Ambia mesoscotalis

Scientific classification
- Kingdom: Animalia
- Phylum: Arthropoda
- Clade: Pancrustacea
- Class: Insecta
- Order: Lepidoptera
- Family: Crambidae
- Genus: Ambia
- Species: A. mesoscotalis
- Binomial name: Ambia mesoscotalis Hampson, 1906

= Ambia mesoscotalis =

- Authority: Hampson, 1906

Species of moth

Ambia mesoscotalis is a moth in the family Crambidae. It is found in Indonesia, where it has been recorded from the Maluku Islands (Banda).

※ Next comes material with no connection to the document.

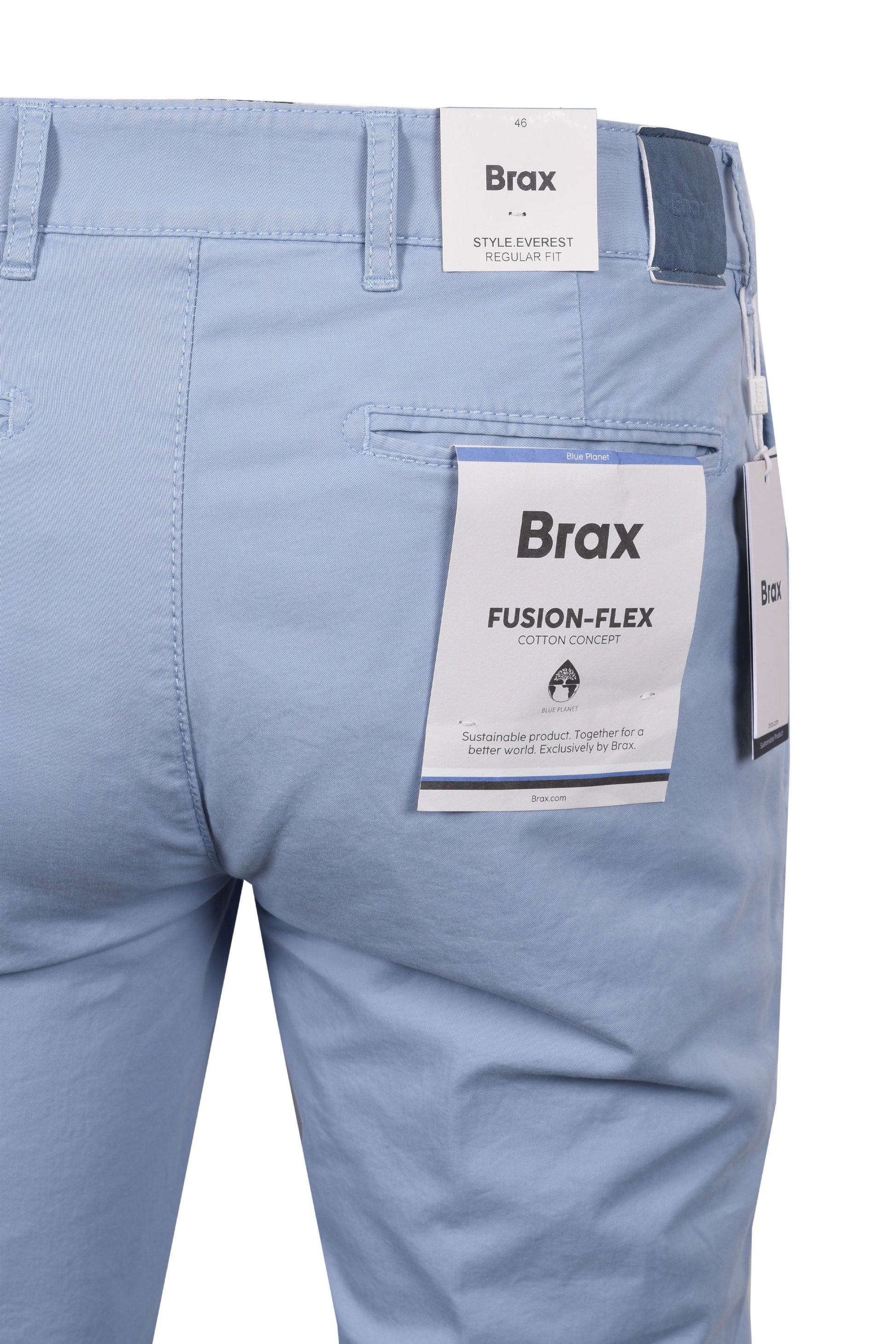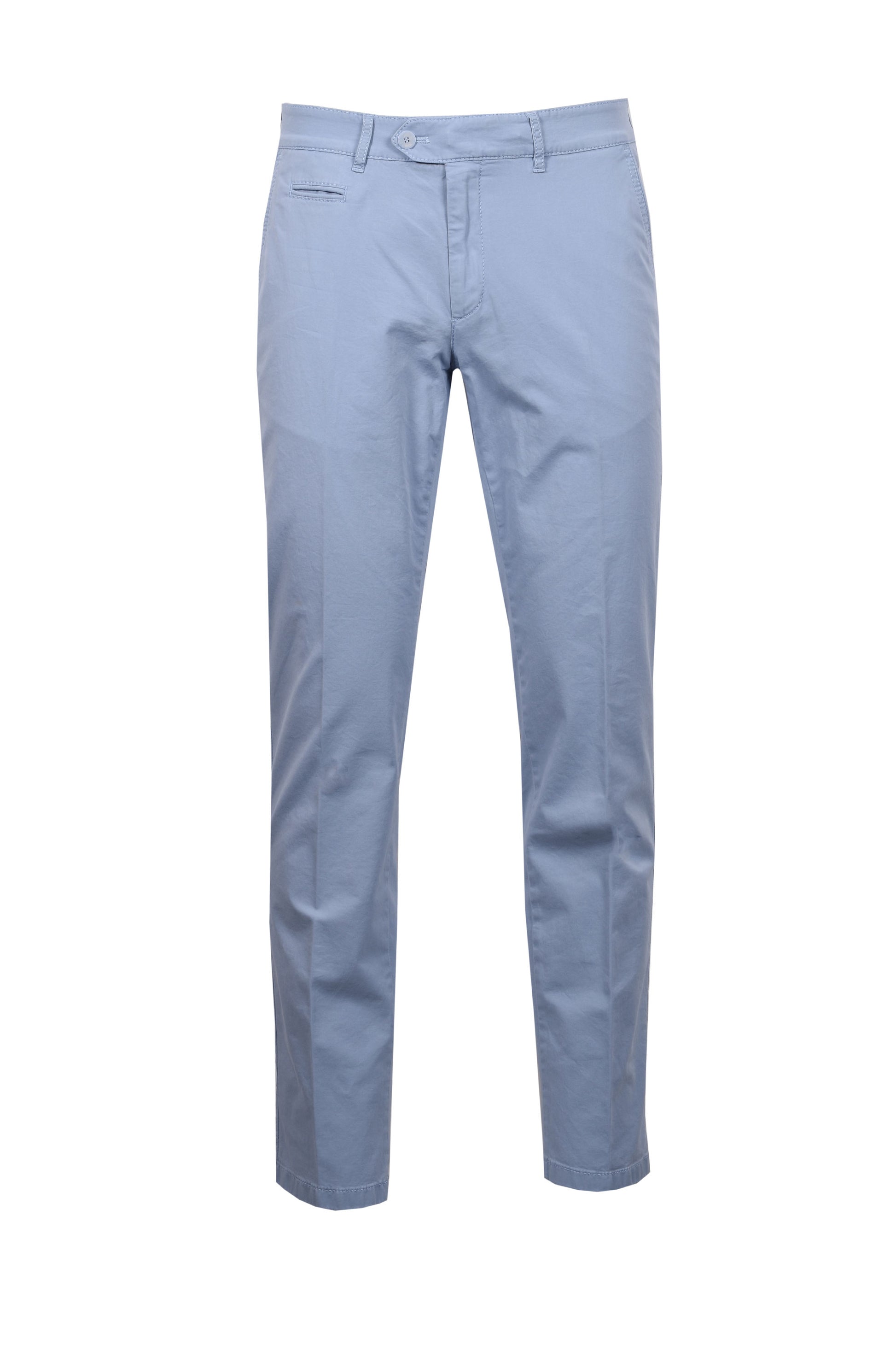 Introducing the Brax Everest Cotton Chino in Light Blue, a flexible and attractive addition to any man's collection. These regular-fit chinos provide outstanding comfort with a straight cut and regular rise, making them ideal for everyday use or dressing up.

The wingspan is about 12 mm. The base of the forewings is fuscous, with an obscure white subbasal line and an orange-yellow band on its outer edge. There is a medial orange-yellow line expanding outwards on the costal area, with a white discoidal lunule on it and some fuscous on its lower edge. There is also an orange-yellow band edged by a fuscous line curved round from the costa before the apex to the lower angle of the cell and emitting a streak on the costa. There is also a terminal orange band with a fine fuscous line on its inner side, and suddenly bent outwards to the cilia just before the apex, where there is a black point. The hindwings are white with a fuscous medial band with some orange on its inner edge. There is a postmedial orange band not extending below vein 2 and emitting streaks to the apex and termen at veins 5, 3 and 2.